Reaching zero net emissions would require overcoming challenging issues like eliminating fossil fuels in vehicles. Ardern hasn’t outlined a plan for reaching this goal, but has suggested creating an independent commission to aid in the transition to a lower carbon economy.

She also set a goal of doubling the number of trees the country plants per year to 100 million, a goal she says is “absolutely achievable” using land that is marginal for farming animals.

Greenpeace New Zealand climate and energy campaigner Amanda Larsson believes that phasing out fossil fuels should be a priority for the new prime minister. She says that in order to reach zero net emissions, Ardern “must prioritize closing down coal, putting a moratorium on new fossil fuel plants, building more wind infrastructure, and opening the playing field for household and community solar.”

A worldwide shift to renewable energy

Addressing climate change is becoming more of a priority around the world and many governments are assessing how they can reduce their reliance on fossil fuels and switch to environmentally-friendly energy sources. Sustainable energy is becoming an increasingly profitable industry, giving companies more of an incentive to invest.

Ardern isn’t alone in her climate concerns, as other prominent world leaders like Justin Trudeau and Emmanuel Macron have made renewable energy a focus of their campaigns. She isn’t the first to set ambitious goals, either. Sweden and Norway share New Zealand’s goal of net zero emissions by 2045 and 2030, respectively.
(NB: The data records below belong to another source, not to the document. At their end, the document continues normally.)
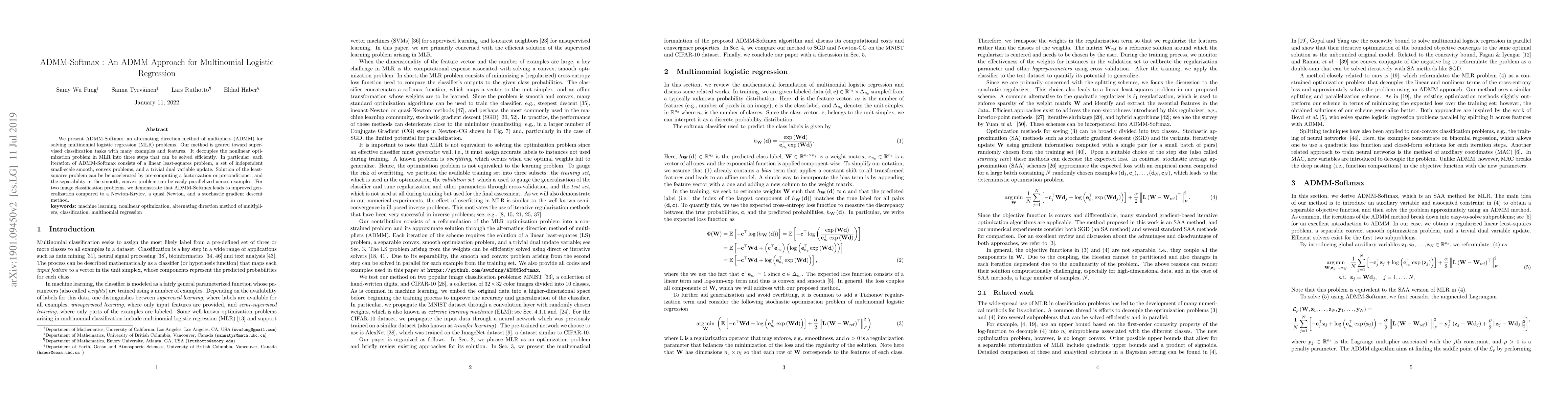 The paper presents ADMM-Softmax, an ADMM approach for multinomial logistic regression (MLR) problems, designed for supervised classification tasks with many examples and features. It decouples the nonlinear optimization problem in MLR into three steps: a linear least-squares problem, a set of independent small-scale smooth, convex problems, and a trivial dual variable update.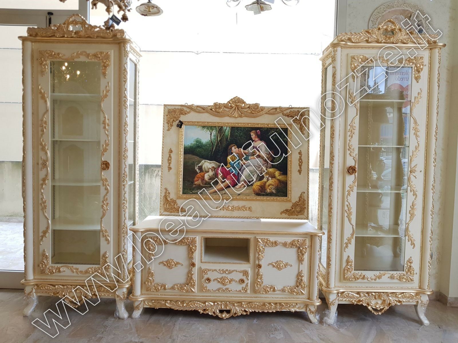 2 VETRINE 1 ANTA + MOBILE PORTA TV IN LEGNO PANNA E FOGLIA ORO CON CRISTALLI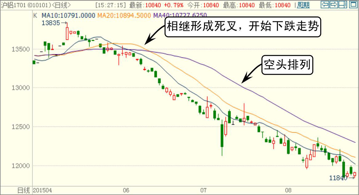 在沪铝1701合约的价格走势图中,2015年4~5月底,10日均线、20日均线和40日均线在高位互相交叉,走势混乱,进入6月,10日K线相继下穿20日和40日均线,形成死叉,开启了价格下跌的序幕,如图7-5所示。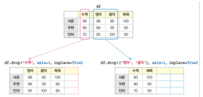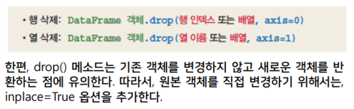 - 참고 : 행 삭제할때는 axis=0안해도댐 , 축 aixs=1이라면 열 삭제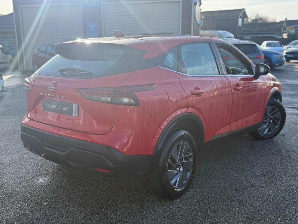 This 2022 Nissan Qashqai DIG-T Acenta Premium is a superb example, having had only one owner since new. This Euro 6 compliant 1.3 litre petrol hybrid model offers a refined driving experience, perfect for navigating both city streets and longer journeys. Inside, you'll find a host of convenient features designed to enhance your drive, including Bluetooth with Audio Streaming for seamless music and call management, and wired Apple CarPlay to keep your favourite apps accessible. Parking is made simpler with rear parking sensors and a rear view camera, providing excellent assistance when manoeuvring. The Acenta Premium trim level ensures a comfortable and well equipped cabin. This Qashqai also benefits from a low insurance group, indicating that running costs are likely to be more affordable compared to similar vehicles, making it an attractive choice for many drivers. Tyre Puncture Repair Kit, Flame Red, 17in Alloy Wheels, AM-FM Audio System with DAB, Bluetooth with Audio Streaming, Engine Start Button, Rear View Camera, Rear Parking Sensors, Wired Apple CarPlay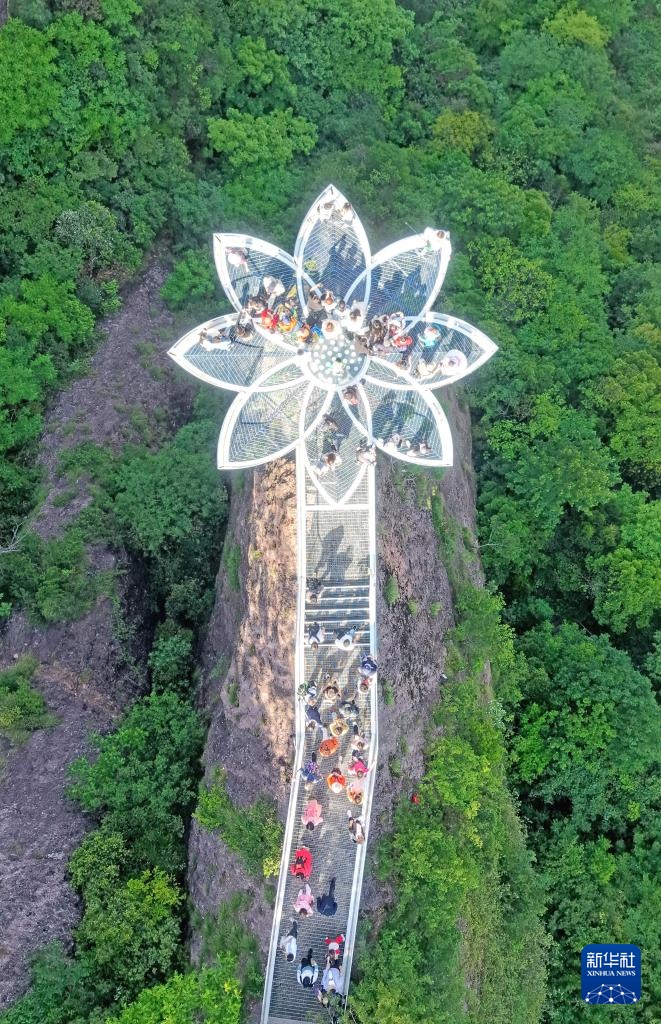 5月2日,游客在浙江省台州市仙居县神仙居景区莲花台上游玩(无人机照片)。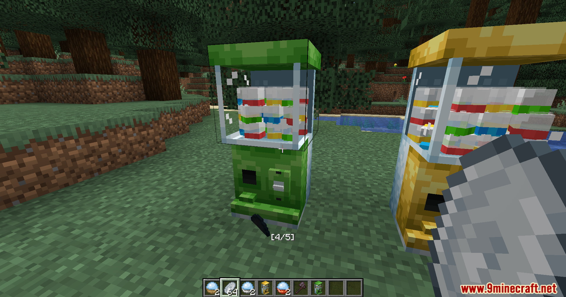 - Craftable Gacha Machine: Built with iron ingots, glass, and a dispenser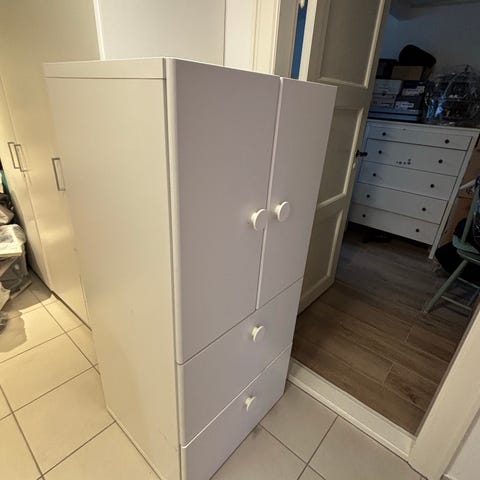 Praktisk hvidt skab fra IKEA med god opbevaringsplads.

Scotland already sources more than half of its electricity from renewable sources and aims to fully transition by 2020, while France announced plans in September to stop fossil fuel production by 2040. This would make it the first country to do so, and the first to end the sale of gasoline and diesel vehicles.

Many parts of the world still rely heavily on coal, but if these countries are successful in phasing out fossil fuels and transitioning to renewable resources, it could serve as a turning point. As other world leaders see that switching to sustainable energy is possible – and profitable – it could be the start of a worldwide shift towards environmentally-friendly energy.